I said I need the following:

1) her to tell me about the A's in full truth (and not just answer the questions I ask, but actually own her actions) as she has never told me about anything, it is all my detective work that has revealed anything, 

2) I need her to apologize to several people that she has wronged by her actions, word, and behaviors, 

3) I need her to help out with the finances of the family (as she claimed that I was depriving her of money and things she wanted, when in reality I was just trying to keep us afloat when their were no extra funds at the time, as she has no idea about our finances and has never taken any responsibility for them and spending we do)

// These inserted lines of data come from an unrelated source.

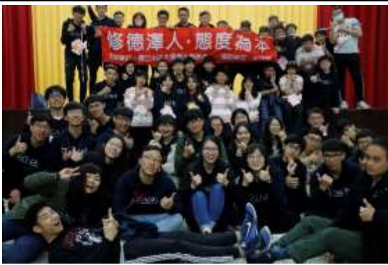
照片說明：工人們與「修德澤人，態度為本」的布條合照。
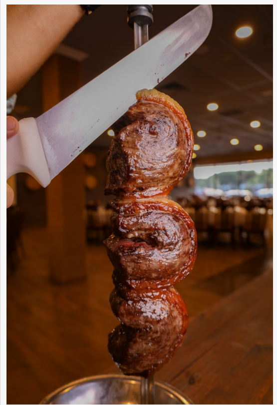
Picanha, el tradicional corte brasileiro

Mientras Adegas Gauchas Kissimmee celebra su exitosa inauguración, la sede original en Orlando festeja su tercer aniversario. Desde su apertura en 2021, Adegas Gauchas Orlando se ha consolidado como un referente culinario en Florida Central, siendo reconocida como la churrasquería mejor valorada de la ciudad y un destino gastronómico de primera para residentes y turistas.
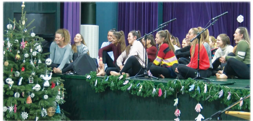
lepte meg a közönséget
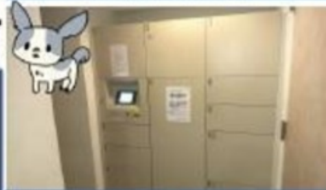
便利な宅配ボックス
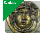
» Museo Archeologico dell'Alto Mantovano
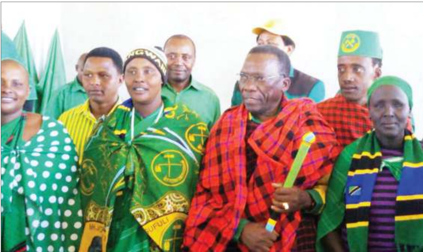
Waziri Mkuu mstaafu, Mizengo Pinda ambaye pia ni mlezi wa CCM Mkoa wa Manyara, akiwa na mavazi ya jadi aliyovishwa na wazee wa kimila wa Kimasai kwenye ziara yake wilayani Simanjiro jana.
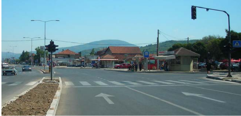
Раскрсница на Трошарини, током радова на семафоризацији

Осим одржавања изводимо и радове на семафоризацији нових раскрсница, тако да у 2017. години очекујемо добијање посла на семафоризацији раскрсница Булевар светог цара Константина – II Нишавска, Сомборска – Деспота Ђурђа, Булевар Николе Тесле - Александра Медведева и Булевар Николе Тесле – Данила Киша.
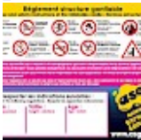
Panneau de SECURITE
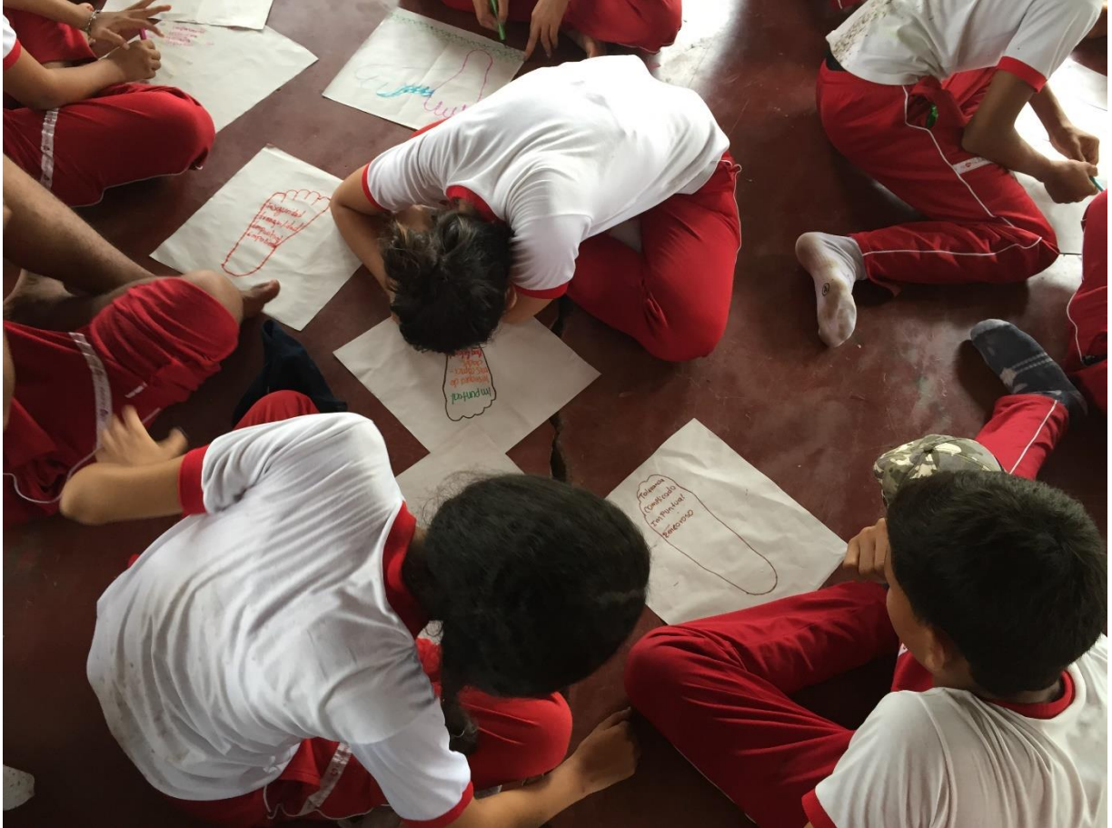
Convivencia motivacional 2016

DANE: 323807001802 Código ICFES: 060525 NIT: 812007020-5

4) I wanted a NC letter to the AP (she says that it is too late now as this would reopen that communication and she hasn't had contact so the letter would be going against the NC she has already accepted, although she never admitted fault and told that NC was happening).

To me these are cut and dried requests that would show she is working towards something and willing to do things, yet she has not done any of these and it has been a year already (well she has started to perform 3, but I am not sure if that is so she would know more when she decides to leave).


----------



## SomedayDig (Jul 17, 2012)

*Re: How does someone tell when both parties are "truly" in for the Reconciliation?*



Squeakr said:


> I have tried to "really" talk to her on several occasions but she always becomes defensive and doesn't seem into it nor willing to give me anything during these conversations.


This...THIS is one of the biggest signs, man. Defensiveness during talks. I hate to keep bringing up my stuff, but it's the only way I can relay advice. My first wife was always defensive. Didn't wanna talk about it - just rug sweep. I caught her less than a year into "reconciliation" at a bar with the OM. I put my ring on the bar and walked out. That was it. With my wife, Regret214, she listened to me talk and she answered my questions. Yes, there was some trickle truth, however that will happen with EVERY affair. No wayward EVER tells the complete truth from the sounding gun of Dday. Ever. But...it all did come out within 5 months. She was never defensive even when I was quite venomous with my word choice. She never cut me off when I spoke. Well, she did once and that didn't end well for her. So, she never cut me off again.




Squeakr said:


> She is even starting to believe that she has mental illness of some sort (documented history of this abounds in her family history) and this is driving her state of mind (yet I can't get her into counseling no matter whatI try).


Do NOT let her put this sh-t off as a mental illness. Sorry, I'll catch a bunch of flack for this but it is the ultimate cop out. There is no BPD/ADHD/Bipolar/Aspergers what-the-f-ck-ever disorder is claimed. Period. Don't buy the hype. It's a f'ng rouse by pharmaceutical companies trying to make dough off of people looking for answers.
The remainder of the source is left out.